We found our dream car over the weekend (at an incredible price, thanks to a dealership goof). The salesman agreed to take our old car as a trade-in, and we got the call yesterday that everything was ready for the switch. We arranged for the insurance to be changed over at 6:30; the problem was that Dan didn’t get home from his business meeting until 7. And that wasn’t the only problem. Possibly more concerning than the lack of insurance was the lack of gas in the car, and more concerning still was the stuck clutch. However, we had to get the thing to the dealership, so Dan managed to jam the car into third gear and set off into rush hour traffic. Without gas. Without insurance. Without being able to drive in anything but third and neutral.

And then the clutch bottomed out.

When Dan recounted the story to me later, I had a heart attack at this point. Rush hour traffic is brutal around here, and there are no road shoulders. Even with him talking in front of me, I was sure he had ended up in a mangled heap on some roundabout with the coverless gear shift sticking through an artery. I couldn’t look as he continued telling me how he could no longer take the car out of third or take his foot off the gas, and the engine was fighting for life in the bumper-to-bumper traffic… how he made it through the big roundabout but nearly stalled navigating the U-turn entrance to the dealership… and how the car shuddered to a final stop in the one open parking spot. A miracle.

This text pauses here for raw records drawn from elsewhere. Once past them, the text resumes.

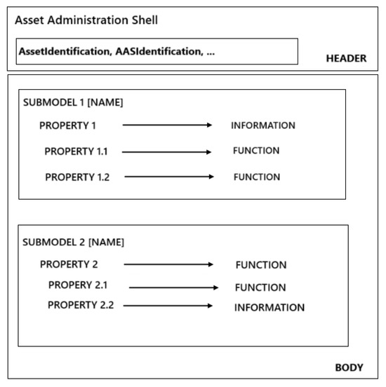 The AAS is composed of two primary components: the information model and the communication protocol. The communication protocol determines how data is transmitted and exchanged, with various technologies being applicable as long as they allow for interoperability between different AAS implementations. The information model of the asset is defined by a metamodel [31], which comprises a header and a body, as illustrated in Figure 1.
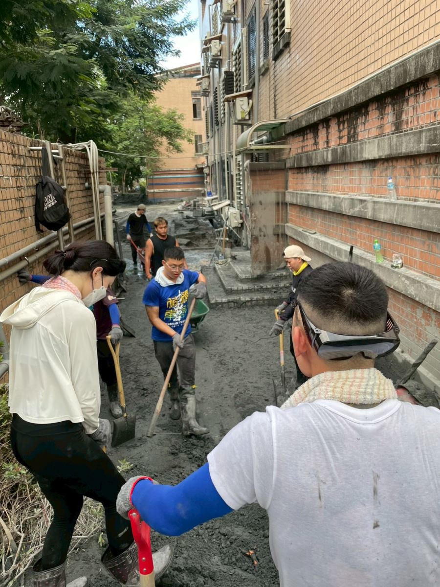 而在挖掘汙泥、搬運殘骸的救災過程中,現場「物資小兵」不斷送來補給,夥伴之間總是不斷詢問「要不要喝水?」、「有沒有受傷?」或是「要不要先休息?」人與人之間的溫度,也成為支撐華梵學子繼續揮汗的莫大力量。
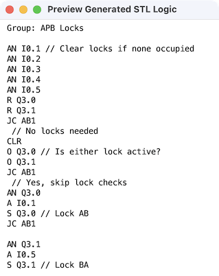 In this image, the output events are signal aspects. The aspect will be sent when the variable changes to true. The sample PLC code at the beginning of this page shows 3 aspects being set to false. The subsequent logic will set one of them true. The net result is that at most one aspect will change from true to false and one will change from false to true. Most of the time, one variable will be set to false and then back to true. Only an occupancy change, turnout change or destination mast change (link speed) will result in two variables changing. The aspect false events use a zeros event with the aspect id in the last two bytes.
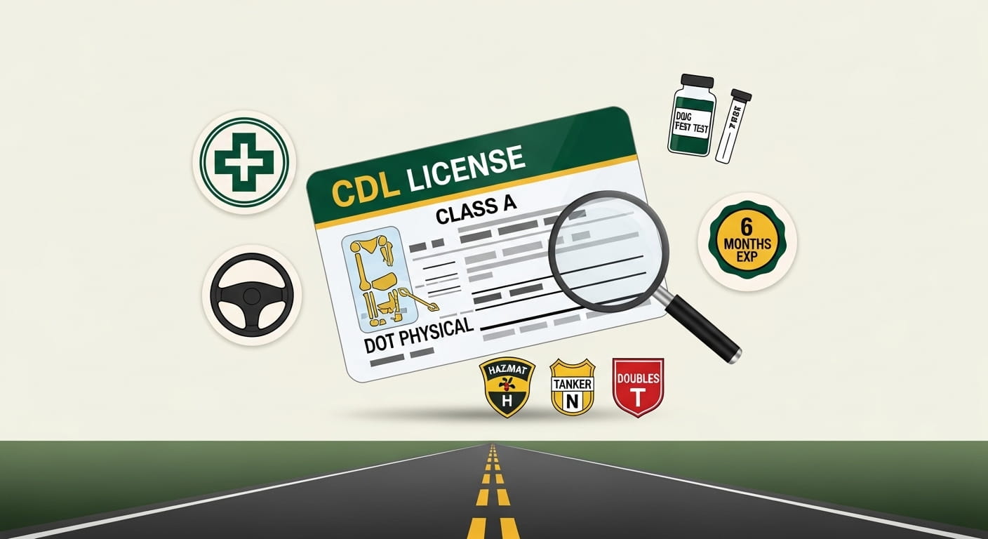 1. Class A CDL (for tractor-trailer) or Class B CDL (for straight trucks like dump trucks).

We took our new adventuremobile out for a family joy ride later, but my thoughts were still with our old car. As I saw it, the timings of the past week could not have been coincidental, and I could feel the residual glow of the supernatural touching an otherwise mundane circumstance. It was a moment for feeling the thanks I couldn’t quite articulate. And with the texture of our experience still palpable and lush in my mind, I wished one thing above all else: that I could see the saleman’s face the moment he tries putting our old car into reverse.

Goodbye old car 2

Rest in peace, sweet car. You’ve earned it.

P.S. – Hello, sexy.

24Feb

Where Art Thou, Orlagh

“Where art thou, Muse, that thou forget’st so long
To speak of that which gives thee all thy might?”
~ Wm. Shakespeare

I was late the day they assigned muses. By the time I rushed in, damp hair undermining any credibility to my car trouble story, Mrs. Butterworth and Lemony Snicket were already taken. So were the Woset in my Closet, the world’s hottest chili pepper, and Frida Kahlo’s eyebrow… and despite my hopeful nods toward the corner where Mr. Darcy sat brooding, I ended up with Tinkerbell’s hormonal older sister Orlagh.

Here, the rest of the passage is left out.